# How do you write an equation for a circle with tangent to 3x - 4y + 3 = 0 at (-1,0) radius 7?

Sep 13, 2016

Thus, there are two circles satisfying the given cond.

$\left(1\right) : {\left(x + \frac{26}{5}\right)}^{2} + {\left(y - \frac{28}{5}\right)}^{2} = 49$.

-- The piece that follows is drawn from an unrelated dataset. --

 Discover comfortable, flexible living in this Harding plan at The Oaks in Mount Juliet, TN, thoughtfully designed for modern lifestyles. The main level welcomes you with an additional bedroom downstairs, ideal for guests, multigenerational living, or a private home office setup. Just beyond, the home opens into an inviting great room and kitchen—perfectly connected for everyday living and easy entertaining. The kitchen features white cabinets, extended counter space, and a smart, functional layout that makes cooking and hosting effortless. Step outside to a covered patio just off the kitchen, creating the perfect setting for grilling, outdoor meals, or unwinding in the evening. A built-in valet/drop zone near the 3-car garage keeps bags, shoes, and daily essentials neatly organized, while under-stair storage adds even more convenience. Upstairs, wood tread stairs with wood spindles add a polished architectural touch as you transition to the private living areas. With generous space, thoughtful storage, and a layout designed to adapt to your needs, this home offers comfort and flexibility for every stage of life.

$\left(2\right) : {\left(x - \frac{16}{5}\right)}^{2} + {\left(y + \frac{28}{5}\right)}^{2} = 49$.

#### Explanation:

Suppose that $C \left(h , k\right)$ is the Centre of the circle.

Since, the pt. of contact $P \left(- 1 , 0\right)$ is on the circle,

$C P = r a \mathrm{di} u s = 7$

$\therefore {\left(h + 1\right)}^{2} + {k}^{2} = 49. \ldots \ldots \ldots \ldots \ldots \ldots \ldots . . \left(1\right)$.

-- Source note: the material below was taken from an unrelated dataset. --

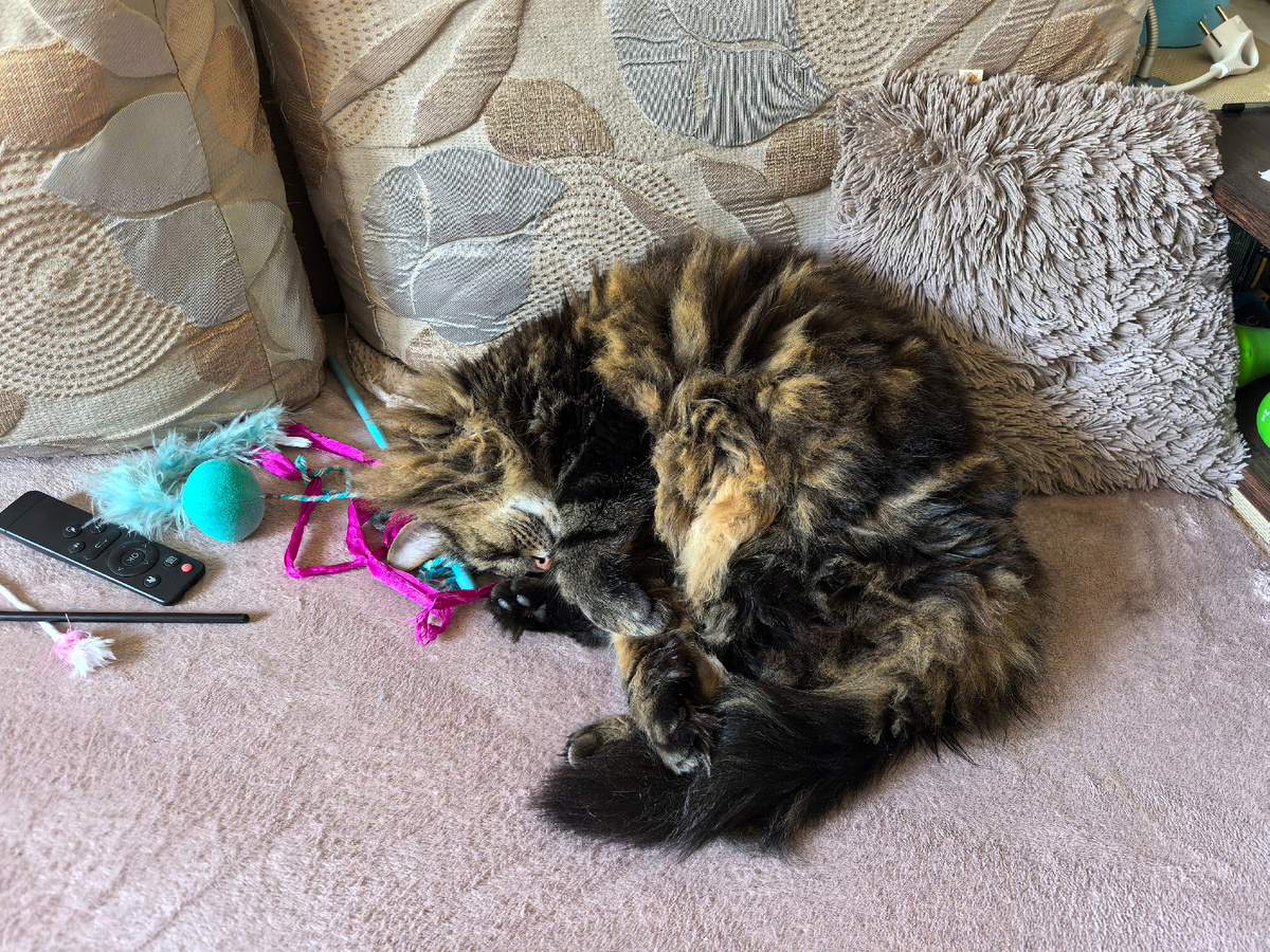Всем привет! С вами Кузя Кусалочкин! Сегодня я вам пожалуюсь на пылесос и на хозяина, а ещё покажу, как я сидел в новой коробочке. Утро началось вчера не с паштета, а с красной рыбки. Хозяину делали бутерброд и салат. Ну и мне досталось (в противном случае я бы устроил им концерт Шерстаковича). Хозяйка дала мне маленький кусочек, очень вкусно было. А потом ещё поел паштетик. Проводил хозяина на работу, всё, закончились те длинные выходные. А сам пошёл спать: Решил в этот раз поспать на большом диване. А потом переместился в новую коробку: И тут пришла хозяйка со своей пылесосиной. Я посмотрел на это всё и ушёл подальше. Решил пойти полежать на хозяйкином стуле: А это уже хозяйка всё убрала и хотела сесть на свой стул: Но потом поняла, что будет работать стоя (по одному моему взгляду). Через время пожалел хозяйку и ушёл лежать на балконе: Вечером хозяин вернулся, мы с ним поиграли немного. А потом я его пытался выгнать из-за компьютера. Я всегда его выгоняю, не нравится мне. О, кстати

Also, line $C P \bot \text{ the tgt. : } 3 x - 4 y + 3 = 0$

As slope of tgt. is $\frac{3}{4} , \therefore \text{slope of } C P = - \frac{4}{3}$.

But, slope of $C P \text{ is } \frac{k}{h + 1} \therefore \frac{k}{h + 1} = - \frac{4}{3}$.

$\therefore \frac{k}{4} = \frac{h + 1}{-} 3 = \mu , \text{ say, so that, } k = 4 \mu , h + 1 = - 3 \mu$.

Sub.ing in $\left(1\right)$, we have, $9 {\mu}^{2} + 16 {\mu}^{2} = 49 \Rightarrow \mu = \pm \frac{7}{5}$

$C a s e 1 : \mu = + \frac{7}{5}$

$\therefore k = 4 \mu = \frac{28}{5} , h = - 1 - 3 \mu = - 1 - \frac{21}{5} = - \frac{26}{5}$

So, the Centre is$C \left(h , k\right) = C \left(- \frac{26}{5} , \frac{28}{5}\right) , r a \mathrm{di} u s = 7$. Hence,

the eqn. of the circle, is, ${\left(x + \frac{26}{5}\right)}^{2} + {\left(y - \frac{28}{5}\right)}^{2} = 49$.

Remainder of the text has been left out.